Меню было, конечно, только на английском, и он, недолго думая, ткнул официанту пальцем в середину первой страницы. Ему принесли на красивой тарелке огромную белую булку, напичканную внутри какой-то снедью.
— Ваш бургер, мистер, — гордо сказал официант в стилизованной под морского офицера форме и белых перчатках, подавая тарелку.
— Хороший с виду ресторан, сюда, наверное, богатые люди приходят, а подают всякую гадость, — ворчал капитан, выковыривая из булки жареную котлету из тунца, обильно политую жирным майонезом. — Почти шестьдесят долларов! Да за эти деньги где-нибудь в Ялте или в Сочи для меня целый стол с хорошей едой накроют. А здесь — дрянь какая-то, и попробуй чаевые официанту не дать — сожрет вместо котлеты, — продолжал ворчать капитан, разглядывая счет, где отдельными строчками уже были указаны чаевые от десяти процентов и выше.
На выходе швейцар в белой фирменной одежде с золотыми пуговицами и погонами, угодливо открыл ему дверь.
— Спасибо, что пришли, заходите к нам еще, — сказал он по-русски, безошибочно угадав в посетителе туриста из России.
— Откуда вы? — спросил посетитель швейцара.
— Из России. Я там когда-то офицером был, офицером-подводником, — грустно ответил швейцар, явно рассчитывая разжалобить богатого господина и получить чаевые.
— Какой же ты подводник. Русские подводники лакеями в Америке не служат, они гордость флота, элита! — сказал турист. — Я сам офицер-подводник, капитан первого ранга. А ты холуй американский, и не смей позорить звание русского офицера, — добавил он, презрительно посмотрел на швейцара и сунул ему смятый доллар.
В эти свои слова он вложил столько презрения и ненависти, что швейцар весь сжался и покраснел.
Потрепанный доллар, который турист сунул швейцару был самым обыкновенным, таких множество бродит по миру. На дорогом курорте за доллар можно купить только маленькую бутылку кока-колы в супермаркете. Но и этот доллар сыграл в нашей истории свою очень важную роль. Ведь этим швейцаром был не кто иной, как тот самый Тарас Коломиец, который когда-то сломал жизнь Геннадию Волкову и уехал в Америку. Именно Коломийца и мечтал сжечь в ядерном пламени Ген-Гений вместе с проклятой Америкой. Именно это страшное желание Магический доллар много лет назад принял к исполнению, но оно пока так и не исполнилось.
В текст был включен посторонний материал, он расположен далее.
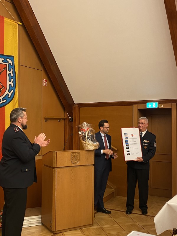 Claus Mecking erhielt bei seinem altersbedingten Übertritt in die Altersmannschaft nach einer beispiellosen Laufbahn in der Freiwilligen Feuerwehr Immenstaad unter großem Applaus die Ehrung zum Ehrenkommandant.
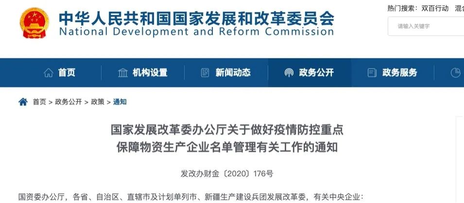 3月2日,發(fā)改委官網(wǎng)發(fā)布《國家發(fā)展改革委辦公廳關(guān)于做好疫情防控重點(diǎn)保障物資生產(chǎn)企業(yè)名單管理有關(guān)工作的通知》(以下簡稱《通知》),就納入名單管理的企業(yè)可以享受的稅收政策、企業(yè)申報(bào)要求、申報(bào)流程、名單管理等工作做出具體要求。
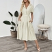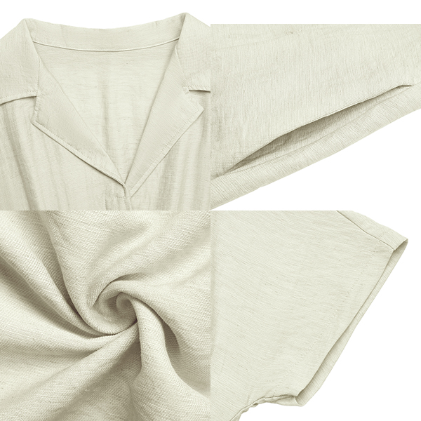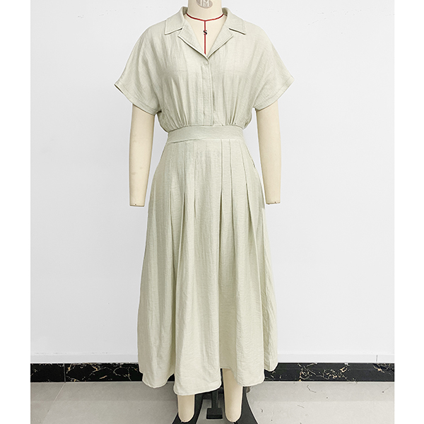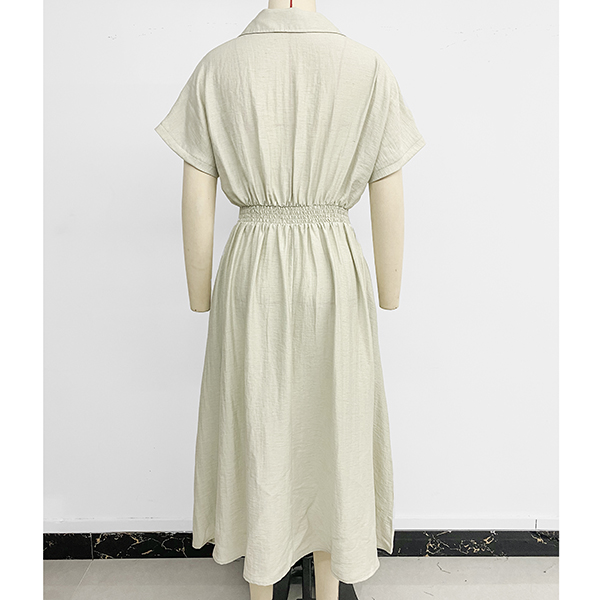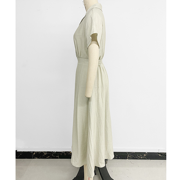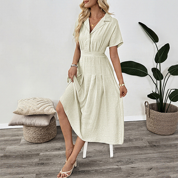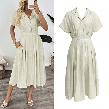 Fashion Notch Lapel Short Sleeve High-rise Side Pockets Midi Dress

Когда на подводной лодке лейтенант Геннадий Волков загадывал свое желание, он не мог знать, что никаким морским офицером Коломиец не стал. В Америке для выходцев из бывшего Советского Союза это невозможно. Советские офицерские звания там не признают. И работал он сначала официантом, а потом швейцаром на входе в дорогой ресторан в морском стиле, а его белая одежда на фотографиях — всего лишь форма лакея, немного похожая на офицерскую. Коломиец не мог простить Волкову свое унижение и постоянно посылал фотографии его жене, выдавая себя за офицера круизного судна и преуспевающего американца. Если бы он мог знать, к каким страшным последствиям могла привести его ложь. Воистину, не копай яму другому!
Весь день Тарас Коломиец никак не мог забыть слова туриста из России, когда тот презрительно протянул ему смятый доллар:
«Русские подводники лакеями в Америке не служат! Это же элита флота! А ты — холуй американский!»
Коломиец давно ненавидел свою лакейскую службу, и этот доллар стал последней каплей. Вечером он поругался с администратором и самовольно ушел с работы. Коломиец понимал, что за это его выгонят, но служить лакеем уже не мог. Крепко выпив, он нашел где-то на свалке старый манекен из магазина одежды и притащил его во двор своего многоэтажного жилого дома. Тарас установил манекен возле мусорных баков, напялил на него белую форму швейцара, облил бензином и поджог. Пьяный Коломиец, криво улыбаясь, смотрел, как ярким пламенем горит ненавистная форма, плавятся пластмассовые золотистые пуговицы с нарисованными якорями. Душа просила песен, он встал по стойке смирно и громко запел:
«Врагу не сдается наш гордый Варяг…» — Тарас знал только начало песни и почти сразу перешел на «Интернационал»:
«Вставай, проклятьем заклейменный, весь мир голодных и рабов…» — самозабвенно выводил пьяный Коломиец.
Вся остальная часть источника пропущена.